A situation known as a “prisoner’s dilemma” occurs when individuals always have an incentive to make decisions that have a negative impact on the group as a whole. There are numerous economic elements where the prisoner’s dilemma arises.
In the traditional prisoner’s dilemma, individuals find that betraying the group yields greater rewards than cooperating.
Mathematicians Merrill Flood and Melvin Dresher first provided the typical example of the prisoner’s dilemma, which Albert W. Tucker later codified. It depicts the following scenario:
Two people are taken into custody and questioned in separate locations. There aren’t any other witnesses accessible, and the evidence the government has is only strong enough to condemn one of the prisoners—and only if the other prisoner gives a witness statement. Each prisoner receives a deal from the authorities.
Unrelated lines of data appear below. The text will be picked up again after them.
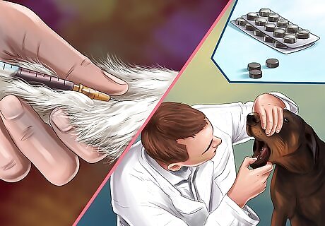 Take your dog in for treatment. Even if your dog does not have symptoms right away, it's important to have your dog seen by a veterinarian to be safe. Bring your dog, and whatever piece of the mushroom you could get your hands on, into your veterinary office. If your veterinary office is closed, you should take your dog to an emergency veterinary hospital. You may have a vet bill because your dog ate a non-toxic mushroom, but on the other hand it could save your dog's life. If your dog has no symptoms, your veterinarian may still make it throw up, give it charcoal pills, and may run some blood tests to look for toxins. If it is confirmed that your dog has eaten a toxic mushroom, your veterinarian will give it appropriate treatment for the type of toxin infested. This may include anything from surgical decontamination to simply supportive care until symptoms subside.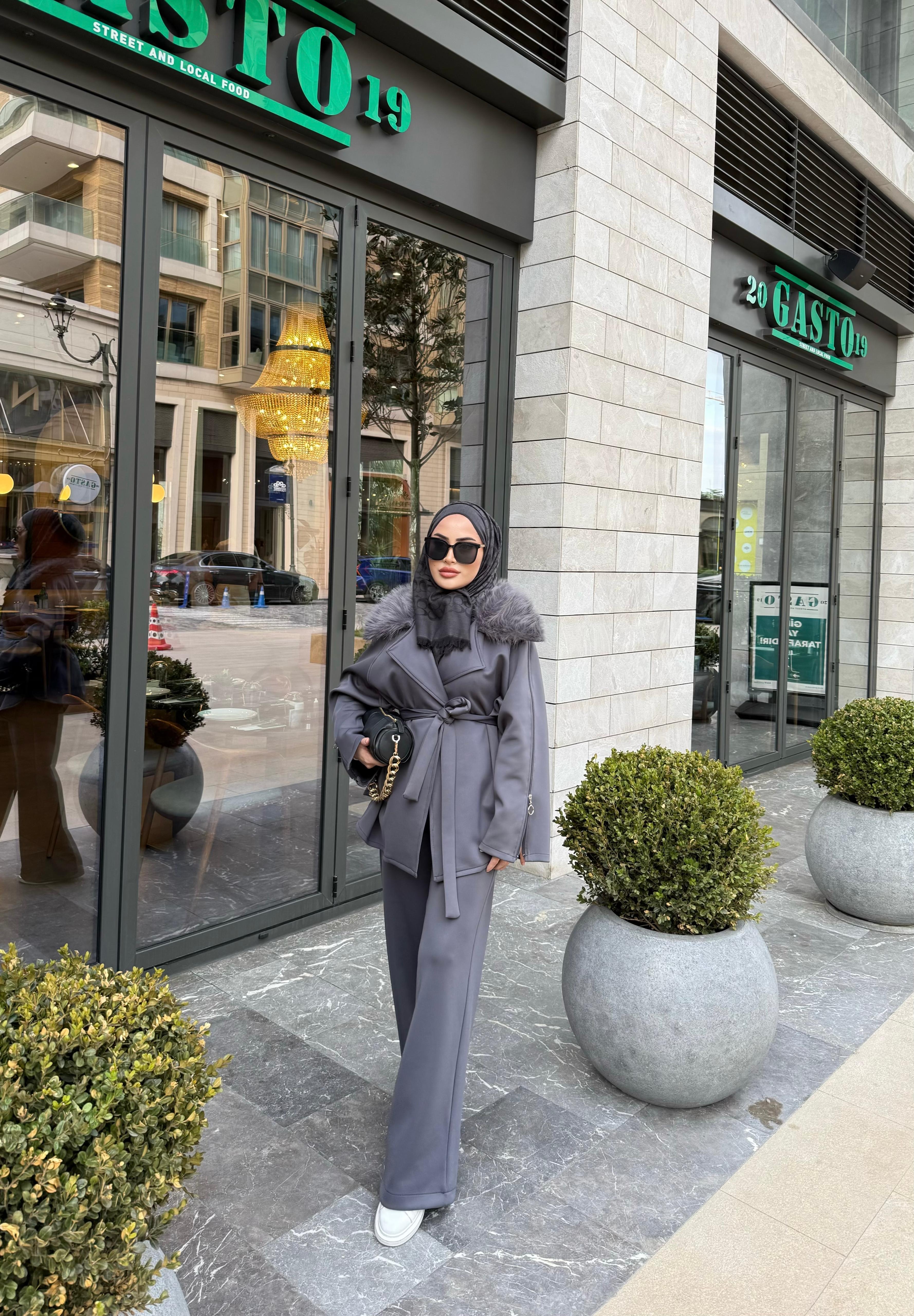TAKM-1759H&R ButikJoan Kürk Detaylı Scuba Takım Gri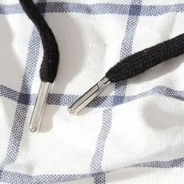 Detalhes: Punhos e cós elásticos, cordões com pontas de metal
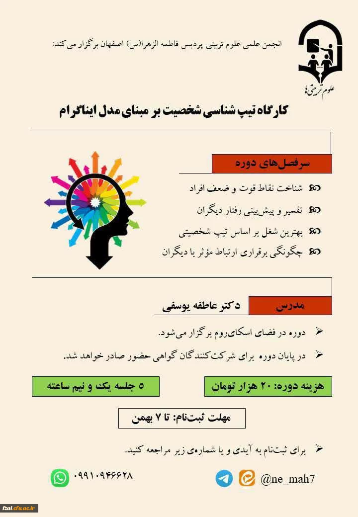 برگزاری کارگاه تیپ شناسی شخصیت بر اساس مدل ایناگرام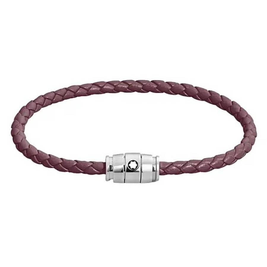 Montblanc Bracelets. Color: Cassis. Montblanc Meisterstuck Woven Leather Bracelet. This bracelet is crafted from woven leather and features a polished stainless steel clasp. A single steel ring bearing the iconic Montblanc emblem adds a refined finishing touch to the design. Material: Leather;Stainless Steel. GENERAL Color: Cassis INFORMATION Brand: Montblanc Gender: Mens Model: 13431363 DETAILS Ring Style: Fashion ADDITIONAL INFO Jomashop Sku: -MB13431360N Department: Jewelry Category: Bracelets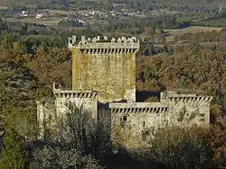 No centro do conjunto encontra-se a torre de menagem, de planta quadrada, com onze metros de lado e dividida internamente em três pavimentos. O primeiro pavimento é cego, rasgado por uma porta em estilo românico, a 5 metros do chão. O segundo pavimento eleva-se a 5 metros do chão e existem indícios que permitem admitir uma ponte interior que comunicaria esta planta com a muralha, através de uma porta em arco apontado encimada pelo escudo de armas dos Ulloa. No terceiro pavimento há um vitral de arcos apontados geminados com arquinhos em lóbulo.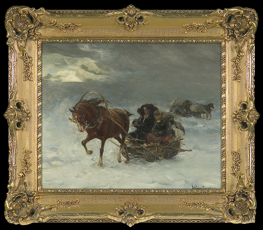 Alfred Wierusz-Kowalski (Suwałki 1849 – Monachium 1915) - jeden z najwybitniejszych polskich malarzy tzw. szkoły monachijskiej był, obok Józefa Brandta i Władysława Czachórskiego, także najpopularniejszym z polskich artystów osiadłych i stale działających w Monachium. Zamieszkał tam w roku 1873, już po studiach w Warszawie i w Dreźnie. Przez rok uczył się jeszcze w monachijskiej Akademii Sztuk Pięknych pod kierunkiem Alexandra Wagnera, a następnie przeniósł się do prywatnej pracowni Brandta. Uznanie krytyki i publiczności zdobył wcześnie; jego obrazy, odznaczane medalami na wystawach były rozchwytywane przez kolekcjonerów i niemieckich handlarzy. W roku 1890 został honorowym profesorem Akademii monachijskiej. Malował sceny rodzajowe i rodzajowo-historyczne z motywami jeźdźców, rycerzy, myśliwych, koni, wilków i śniegów. Po podróży do Afryki w roku 1903 podejmował też tematy orientalne. W polskich zbiorach muzealnych znalazło się stosunkowo niewiele prac artysty – jego obrazy sprzedawane głównie na rynku niemieckim w większej liczbie trafiały do kolekcji prywatnych, głównie w Niemczech i Stanach Zjednoczonych. Obecne często pojawiają się i na polskim rynku sztuki, zawsze budząc zainteresowanie kolekcjonerów.

They have two options: they can cooperate with the other prisoner by keeping quiet or betray the other prisoner by admitting that the other prisoner committed the crime.
Three possibilities are conceivable in light of this scenario:
Both of them will serve 3 years in prison if they don’t speak.
Both of them will serve 5 years in prison if they betray the other.
The prisoner who testified is released, while the prisoner who remained silent is sentenced to 10 years in prison if one betrays the other, but the other does not.
It can be assumed that all completely rational inmates will betray the other, leading to the only possible ending of both prisoners betraying one other. Betraying the other prisoner offers a bigger reward than cooperating with them.
Logically, chasing individual rewards should result in a better outcome, but, in a prisoner’s dilemma, pursuing individual rewards results in a poorer outcome for the person. Each player may develop a cooperative strategy if the same games are played repeatedly. People have come up with various ways to get around the prisoner’s dilemma to choose better overall outcomes despite what may appear to be poor individual incentives.